Fensteraustausch: Aussichtsreiche Spareffekte

- Ab März 2011 fördert die KfW den Fensteraustausch wieder mit Zuschüssen und zinsgünstigen Darlehen.
Fenster sind nicht nur Licht- und Frischluftspender. Sie tragen auch entscheidend zur Energiebilanz eines Gebäudes bei. Im Dachgeschoss verpufft die kostbare Heizenergie durch veraltete Fenster besonders schnell. Um Modernisierungswillige finanziell zu unterstützen, reaktiviert die KfW-Förderbank ab März ihr Programm „Energieeffizient Sanieren“ für Einzelmaßnahmen – mit neuen Auflagen.
Die KfW-Bank fördert ab 1. März 2011 im Programm „Energieeffizient Sanieren“ wieder einzelne Sanierungsmaßnahmen mit Zuschüssen und zinsgünstigen Darlehen. Dann gibt es wieder Geld für den Austausch von alten Fenstern und Türen, die Fassadendämmung oder die Erneuerung der Heizanlage. Diese Option war im Herbst vergangenen Jahres wegen Geldmangels eingestellt worden. Die Wiedereinführung der Förderung unterstützt vor allem private Hausbesitzer, die oftmals aus Kostengründen zeitlich versetzte Sanierungsmaßnahmen bevorzugen. Pflicht vor Genehmigung der Finanzspritze ist die Bestätigung der Angemessenheit der Maßnahmen durch einen Sachverständigen, z.B. einen zertifizierten Energieberater. Einen Zuschuss für diese Beratung bekommen Hauseigentümer vom Bundesamt für Wirtschaft und Ausfuhrkontrolle (BAFA) im Rahmen der „Vor-Ort-Beratung“.

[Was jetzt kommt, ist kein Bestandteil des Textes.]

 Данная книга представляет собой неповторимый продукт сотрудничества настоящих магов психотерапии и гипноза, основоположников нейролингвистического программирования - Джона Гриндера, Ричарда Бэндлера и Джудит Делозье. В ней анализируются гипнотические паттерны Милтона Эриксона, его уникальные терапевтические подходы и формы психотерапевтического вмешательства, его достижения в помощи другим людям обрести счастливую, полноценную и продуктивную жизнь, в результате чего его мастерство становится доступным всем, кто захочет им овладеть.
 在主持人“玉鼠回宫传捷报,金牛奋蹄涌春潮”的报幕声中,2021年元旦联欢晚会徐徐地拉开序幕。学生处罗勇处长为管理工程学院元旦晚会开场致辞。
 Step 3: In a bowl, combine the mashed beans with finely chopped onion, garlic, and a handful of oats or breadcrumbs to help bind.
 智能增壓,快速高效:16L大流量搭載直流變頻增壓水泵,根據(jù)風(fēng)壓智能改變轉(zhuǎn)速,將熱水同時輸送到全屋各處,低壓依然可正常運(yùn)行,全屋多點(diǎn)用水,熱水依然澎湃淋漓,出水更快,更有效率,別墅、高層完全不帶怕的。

Modernisierung mit Durchblick
Eine schlechte Dämmung führt vor allem im Dachgeschoss zu starken Energieverlusten – hier können die Heizkosten leicht das Fünf- bis Sechsfache des Durchschnittswerts erreichen. Bereits eine Einzelmaßnahme wie der Austausch von alten Fenstern kann einen wesentlichen Beitrag zur energetischen Optimierung leisten. „Moderne Dachfenster sind heute sehr gut gedämmt und senken damit deutlich den Energieverbrauch“, erklärt Oliver Steinfatt von der VELUX Deutschland GmbH. Gleichzeitig erhöhen sie den Wohnkomfort.“ Um nach der KfW förderberechtigt zu sein, müssen die Fenster einen bestimmten „Uw-Wert“ aufweisen, mit dem die Qualität der Wärmedämmung angegeben wird: Bei Dachfenstern darf er maximal 1,0 W/(m²K) betragen, bei vertikalen Fenstern, Balkon- und Terrassentüren maximal 0,95 W/(m²K).

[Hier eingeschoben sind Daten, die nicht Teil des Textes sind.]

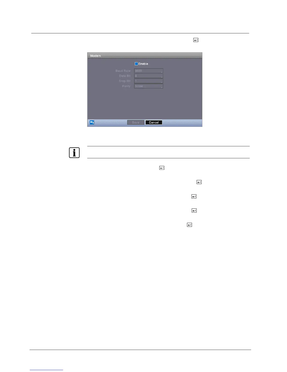 Î You will only be able to change the settings if Modem is enabled.
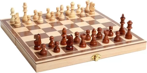 - Ensemble de jeux en bois 3-en-1 (échecs, dames, trictrac/backgammon)
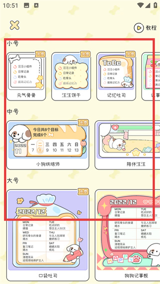 4、在小組件選擇頁面,可瀏覽小號、中號、大號等尺寸的小組件樣式,選擇合適的進(jìn)行添加操作。
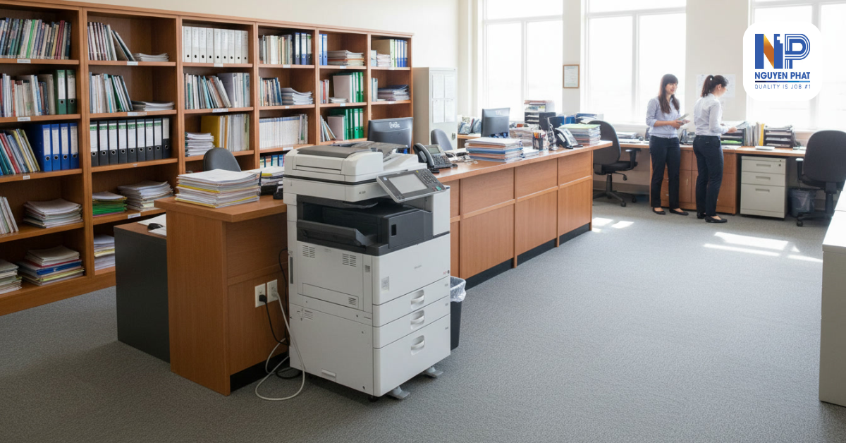 Thiết bị photocopy nên được bố trí trên bề mặt chắc chắn, hạn chế rung lắc và tránh khu vực có độ ẩm cao. Không gian đặt máy cần thông thoáng để đảm bảo quá trình tản nhiệt của các bộ phận bên trong diễn ra bình thường trong suốt thời gian hoạt động.
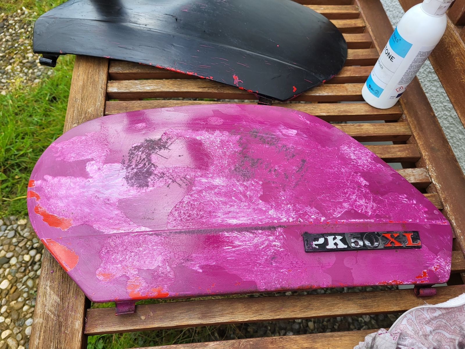 • Ich würde den Kotflügel teilweise pink lassen. Wenn da eh kein originaler Lack drunter ist. Dann haste immerhin etwas alten ranzigen Lack da. Finde die Klasse 2-)
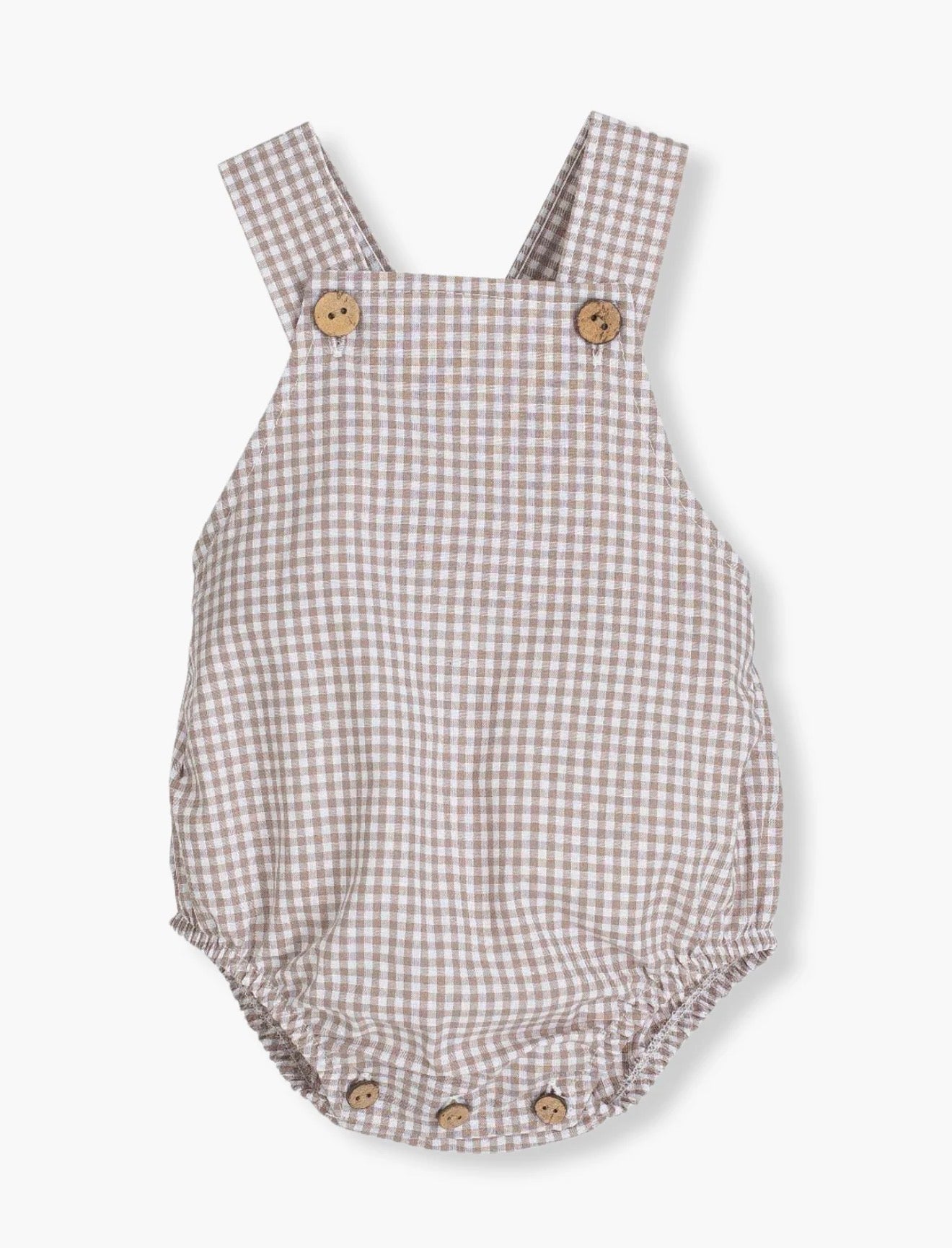 Fofo em algodão bege e branco com padrão vichy da Calamaro Baby para bebé e recém-nascido(a). Abertura nas alças e entrepernas com botões de madeira

„Beim Austausch der Fenster empfiehlt es sich, innen wie außen auch die Anschlüsse an das Dach und die Dämmung zu optimieren. So kann der Energieverbrauch zusätzlich gesenkt werden“, erläutert VELUX Experte Steinfatt. In diesem Fall ist es in der Regel sinnvoll, auch die Innenverkleidung auszutauschen. Der Vorteil: Es besteht die Möglichkeit, diese oben waagerecht und unten senkrecht auszuführen, und damit die Tageslichtausbeute zu erhöhen.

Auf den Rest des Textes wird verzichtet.